Who else is benefiting? Mormons gain very little from evangelism but they have lots of children and have incredibly high retention rates. In the early 20th century, Mormons were just 40% of the population in Utah.  Now, it is 58%. Over the next decade or so, Mormons will make the purple states of Colorado and Nevada a bit more red. This is all form Mormons having a lot of children who stay Mormon.

Who is losing the demographics game? Mainline protestant churches. They are having fewer children and their retention rate for their children is only 50%. All the groups that grow from evangelism — especially the secular “nones” (who grow more from evangelism then any other group in the United States) and Evangelicals — take from Mainline Protestants, liberal Catholics, and immigrants. That’s one reason why so many evangelical leaders like open or nearly open borders. So, when you hear about social conservatives getting older, what they are talking about is the Jimmy Carter voter who always thought the idea of Same Sex marriage was icky is getting older and dying.

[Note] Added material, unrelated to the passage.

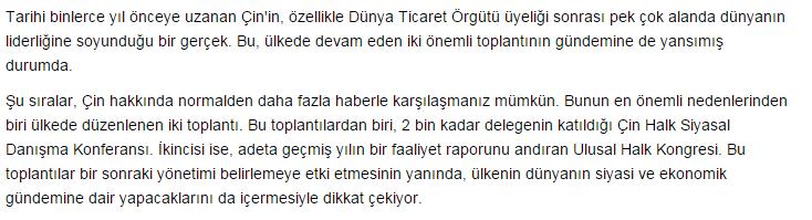 我们也可以从经济角度来观察两会。通过“一带一路”建设来振兴古老的陆上和海上丝绸之路,对于中国加强其在从亚洲东部延伸到欧洲最西端、甚至是非洲东海岸的这一片辽阔区域的影响力来说极其重要。其实,建设“一带一路”也是王毅部长关于国际关系中合作共赢关系的具体体现。如果我们在充分理解上述讲话的基础上,再来回顾中国驻土耳其大使郁红阳在两会开幕前夕的一次讲话,就能更深地理解其意义。郁大使在伊斯坦布尔举办的“中国新年晚宴”上表示,中国是土耳其在全球的第二大、在亚洲的最大贸易伙伴,两国在交通、能源、电子商务、农业和质量监督等领域将加强合作,这种合作当然包括两国领导人之间的互访和共同参与“一带一路”建设。事实上,“一带一路”倡议的影响在沿线国家已经有所体现。它所创造的就业机会并不局限于中国国内,它为沿线国家和城市的经济发展作出了巨大贡献。可以说,“一带一路”倡议前景光明。
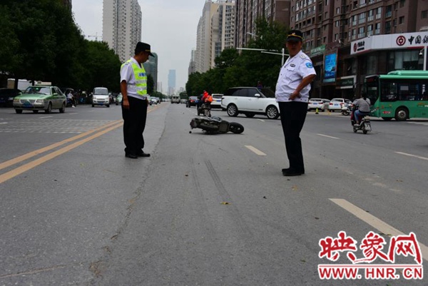 9月5日中午,鄭州市福元路上,一名初中男生騎電動(dòng)車送女同學(xué)回家。當(dāng)其由西向東行駛至福元路與鳳臺(tái)路交叉口時(shí),疑與一輛在路口左拐的出租車發(fā)生碰撞。電動(dòng)車失控倒下,女生從后座重重倒地,頭部、臉部受傷,全身抽搐,昏迷不醒。

The secular Millennials are still a growing part of the population, and the Nones will continue to grow over the next couple of decades, but will top out around 17% of the population before declining. By 2030, we will most likely be a majority pro-life country with a growing evangelical population — 30% or so — with a cohort of young voters who are religious and grew-up in homes where they felt as if their parents were under siege from secular culture.

What I want to know is how does the Republican party need to prepare for this while remaining electorally effective now? Some good things will start to happen for us in twelve years or so, but we need to win right now too.

I think that the Republican party would be wise to not jettison social issues but continue to make social conservatives feel welcome. Make as much progress as they can in the states on winning cultural war battles and make religious freedom a hallmark and litmus test in the party much like abortion and gun rights are now. Hone our attacks over the next three or four election cycles on economic issues, limited government causes, and liberty issues while cultivating a farm team of religions conservatives. By doing this ahead of the demographic shift, we position ourselves to reap huge dividends politically in the future.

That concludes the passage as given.